Neither of these are quite possible when you’re living with a partner – someone who functions in the same way as a housemate, except they’re in your bed too, and ideally you want them to be there. There is a blend of freedom and big brother style scrutiny that you can’t really prepare for if you’ve never done it before. What I’ve found most interesting is the experience of seeing myself through the lens of my partner – not so much in the sense of being “studied” by my partner, but of being suddenly aware of my own actions and routines through her eyes: when she notes that I make tea every day at 2.30pm on the dot, or she catches me lost in the mirror for the third time that day, preening like a happy little bird. Suddenly I’m learning a lot about myself.

I’m happy to say that despite being locked in together for months, the experience has only been wonderful, the mixture of our lives together only helping to create a stronger alloy for our metaphor beam. I realised that we were fine, and were going to remain fine, after we pitted ourselves against the ultimate test for any couple: constructing a huge Ikea wardrobe. We spent the entire day kneeling on the floor of our bedroom, my weak soft hands rubbed raw from hundreds of screws, our eyes sore from trying to decipher cryptic instructions, and after hours of toil we found ourselves with a giant sagging wooden box, like a giant’s coffin, with unattached sliding doors that we simply could not fit on. We took turns preserving our sanity – one of us would go have a cup of tea, or lie face down on the carpet in another room, or go scream into a pillow, while the other kept working, deconstructing bits of the doors, watching “how-to” guides on YouTube. We’d shift from being furious at the arcane Swedish box, to being filled with endless exhaustion and sorrow, our existential crisis built by our own hands. If scientists ever wanted to create a fool-proof stress test for a new relationship, for a couple newly living together, the impossible burden of a double Ikea Hasvik wardrobe is the perfect place to start.

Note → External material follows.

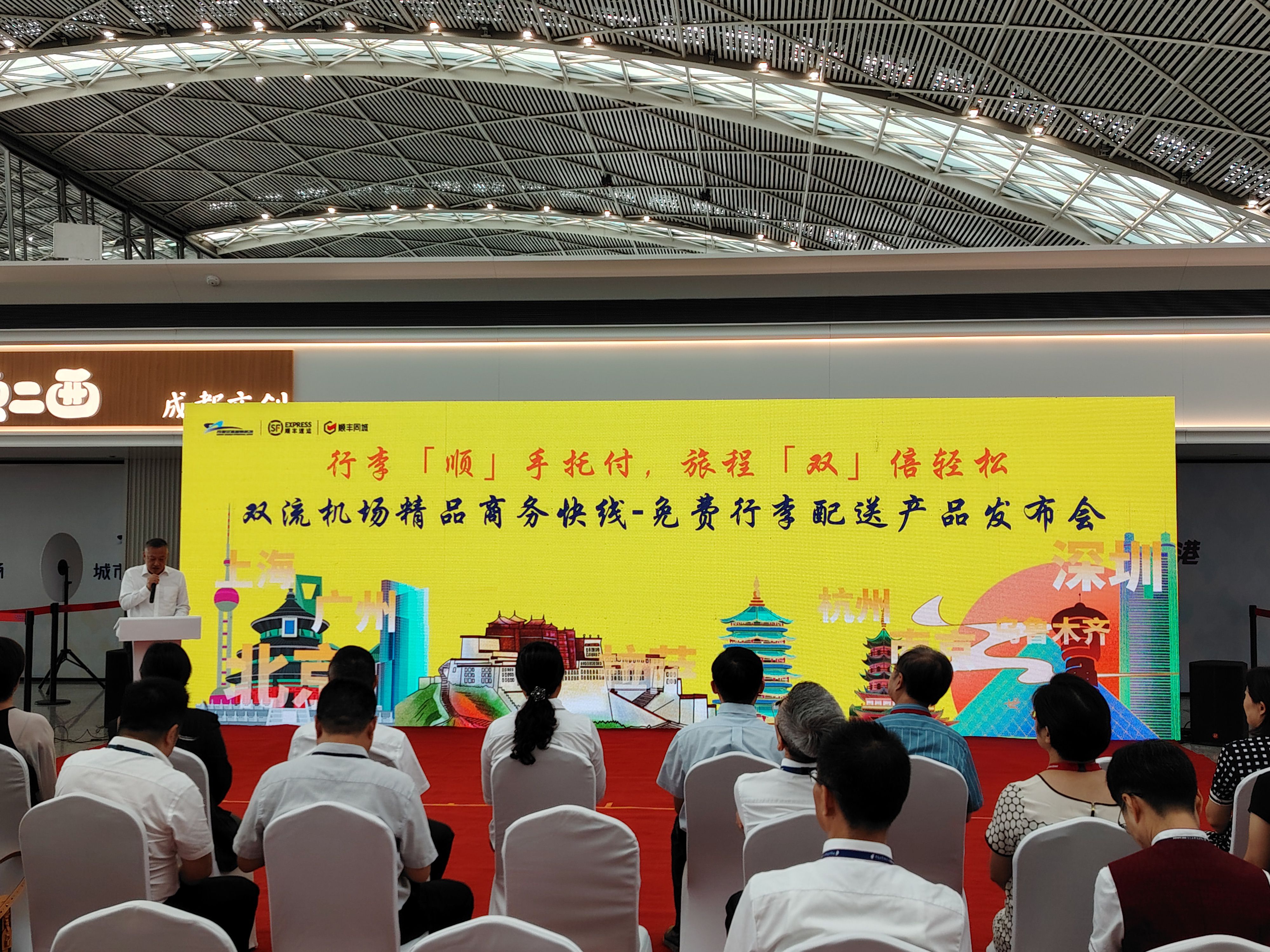 8月21日上午,双流国际机场联合顺丰速运正式对外发布了“精品商务快线免费行李配送”服务产品。乘坐“北上广深乌拉杭宁”精品商务快线抵离成都的旅客都可以申请享受首件行李免费配送到家、到酒店或到机场的服务。

But throughout that cursed day, we never got annoyed at each other, never got frustrated by the other person – we were instead united in our hatred for this horrifying closet.

And while I believe in my stress text maxim, I also believe that a healthy relationship comes from knowing when to stop putting pressure on yourselves, when to compromise, which is why we ultimately succeeded in our quest against the wardrobe by hiring someone else to do it.